**What to work on**
Output a character-exact copy of the data, images removed.

**Collected material**
»»

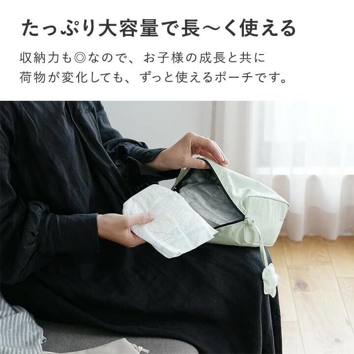 【たっぷり大容量で長~く使える】 収納力も◎なので、頻繁におむつ替えをするベビーとのお出かけは、たくさんのおむつとおしりふきシートを一緒に入れることも。 おむつ変えの頻度が下がる幼児とのお出かけは、数枚のおむつと着替えをまとめて入れることもできます。 お子様の成長と共に荷物が変化しても、ずっと使えるポーチです。
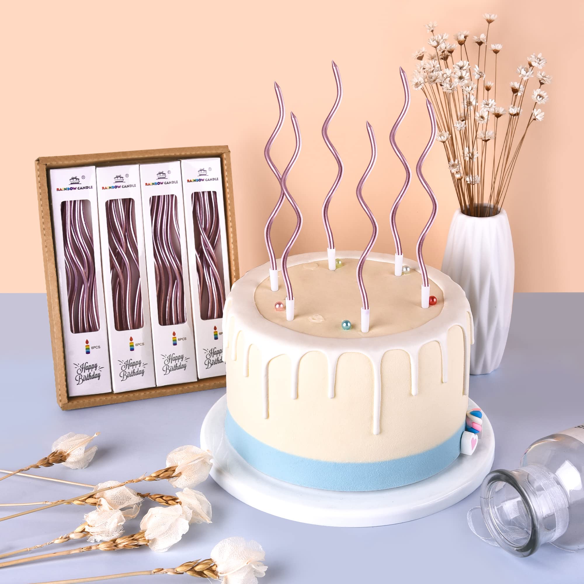 New: 24 long, thin & rose gold metallic spiral cake candles designed to make your cake and birthday a unique and truly inspiring event.
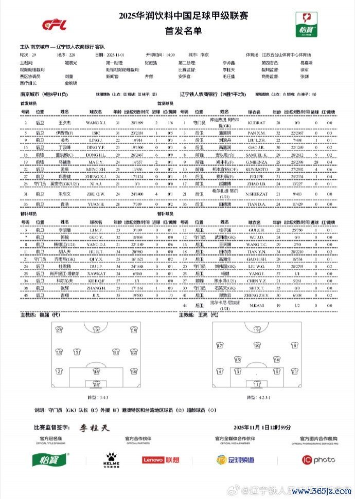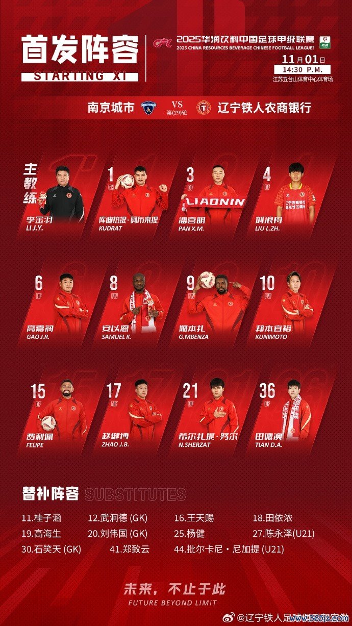 中甲第29轮,南京城市vs辽宁铁东谈主首发名单!
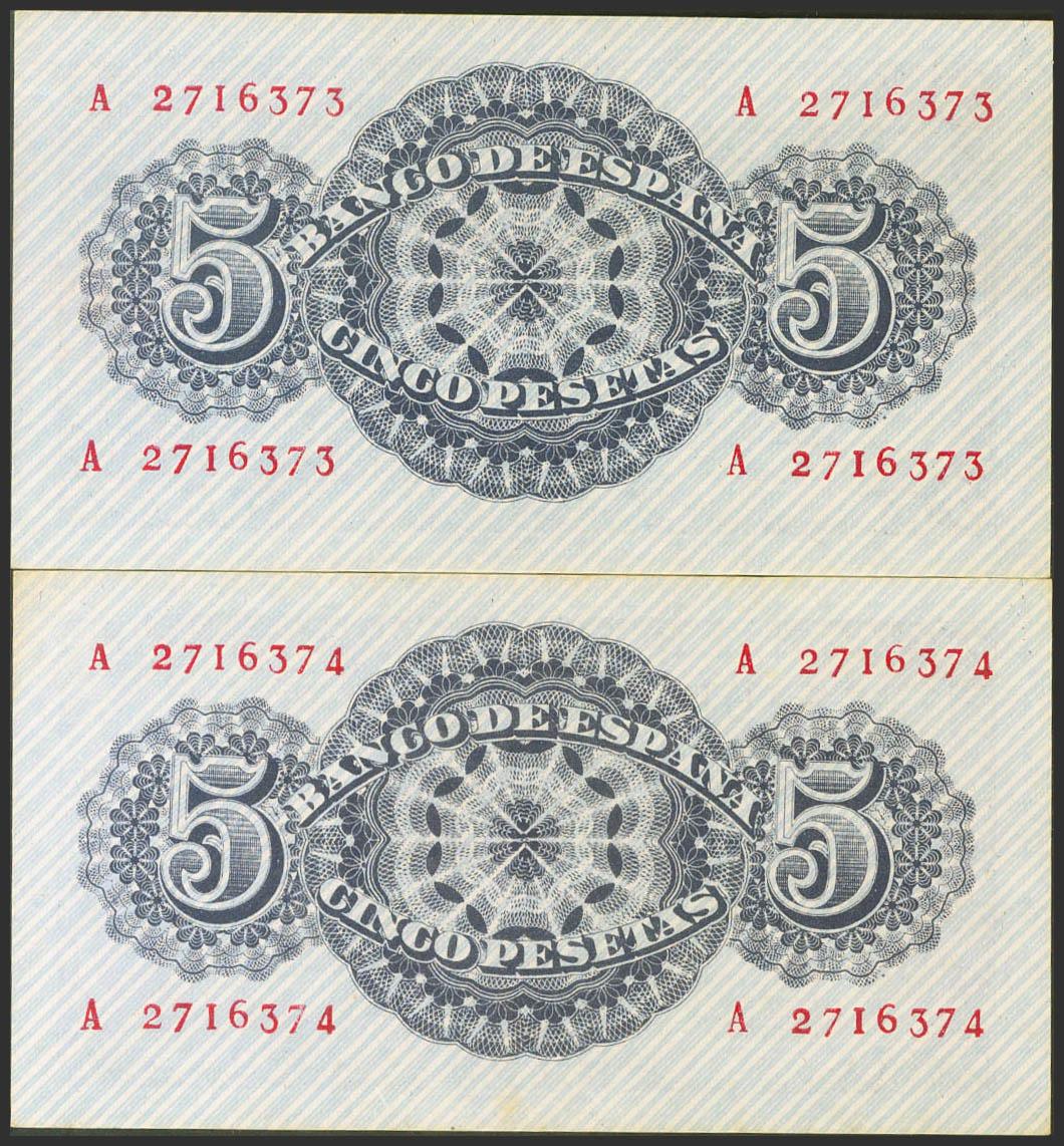 5 Pesetas. 12 de Abril de 1947. Pareja correlativa. Serie A. (Edifil 2021: 454a). Apresto original. EBC+.

««

**Output for this task**
 【たっぷり大容量で長~く使える】 収納力も◎なので、頻繁におむつ替えをするベビーとのお出かけは、たくさんのおむつとおしりふきシートを一緒に入れることも。 おむつ変えの頻度が下がる幼児とのお出かけは、数枚のおむつと着替えをまとめて入れることもできます。 お子様の成長と共に荷物が変化しても、ずっと使えるポーチです。
 New: 24 long, thin & rose gold metallic spiral cake candles designed to make your cake and birthday a unique and truly inspiring event.
 中甲第29轮,南京城市vs辽宁铁东谈主首发名单!
 5 Pesetas. 12 de Abril de 1947. Pareja correlativa. Serie A. (Edifil 2021: 454a). Apresto original. EBC+.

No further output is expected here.